Surgical options for atlantoaxial TB include anterior decompression, posterior instrumented fusion, and combined surgeries [
27]. A shorter route to the lesions was provided via an anterior operation and thus facilitated more efficient decompression and specimen collection. Anterior decompression can be conducted via the transoral approach, the anterior retropharyngeal approach, the lateral upper cervical approach, or the traditional Smith–Robinson anterior cervical approach. The transoral approach creates the most direct pathway, but disadvantages include a deep and narrow operative field and a higher risk of mixed infections from oral floras. Moreover, there might be complications, such as tongue edema, adversely influencing speech [
27]. The anterior retropharyngeal approach offers a wider operative field; not only C1 and C2 but also the lower clivus can be exposed. Therefore, contamination from the TB abscess and oropharyngeal bacteria can mostly be avoided. However, there are many vital neurovascular structures nearby, including the hypoglossal nerve, superior laryngeal nerve, mandibular branch of the facial nerve, facial artery, internal carotid artery, and internal jugular vein. The submandibular gland must also be resected intraoperatively. In general, this technique is more complex than other approaches. The lateral upper cervical approach is also commonly used. However, it is adjacent to the vertebral artery, only provides unilateral exposure to the atlantoaxial joint, and potentially requires external jugular vein ligation and carotid sheath exploration. The traditional Smith–Robinson anterior cervical approach is the route that neurosurgeons are most familiar with. It is relatively safe because there are no nearby vital neurovascular structures except the superior laryngeal nerve and hypoglossal nerve. However, the mandible is an obstacle to a wide expansion of the operative view and thorough infection foci removal. Posterior instrumented fusion offers robust stabilization. Atlantoaxial fusion alone, rather than occipital–cervical fusion, should be prioritized to preserve activity. Nevertheless, occipital–cervical fusion is indicated when there is basilar invagination or extensive atlantoaxial erosion [
11].
At first, the patient in this case report complained of solely severe nuchal pain and tightness without neurological deficits.

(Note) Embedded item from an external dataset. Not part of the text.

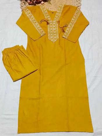 SIZE :- M L XL XXL 3XLSKU: 72575-2 - NEW ARRIVAL SLUB COTTON EMBROIDERY WORK TOP PENT SET YELLOW ₹715.00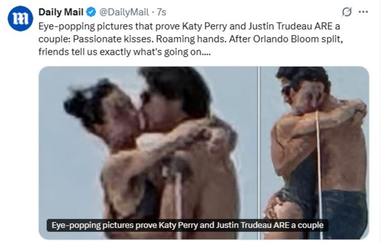 Daily Mail tarafından yayınlanan fotoğraflarda, Katy Perry ve Justin Trudeau, teknede öpüşürken ve birbirlerine sarılırken görülüyor. Fotoğraflarda ünlü şarkıcının siyah mayoyla, Trudeau'nun ise üstü çıplak, kot pantolonlu olması dikkat çekti.

Consequently, we arranged a two-staged combined surgery for the purpose of treating a potential infection precisely prior to a posterior instrumented fusion with C1 lateral mass and C2 transpedicular screw fixation. The transoral biopsy was chosen due to a lower risk of vital neurovascular structure damage and less tissue damage. Good stability was achieved after the posterior surgery. When the abscess progressed and led to myelopathy two years later, we selected the transoral approach for prompt decompression of the spinal cord as well as specimen gathering. Second-staged occipital-cervical fusion, indicated due to right rotatory C1-C2 subluxation and extensive bony destruction, was originally planned subsequent to the completion of the antitubercular regimen. However, the patient declined the second-stage surgery because she recovered well postoperatively. Though the patient does not receive regular outpatient department follow-up visits now, she remains in contact with us and reports good functional status eight years after surgery.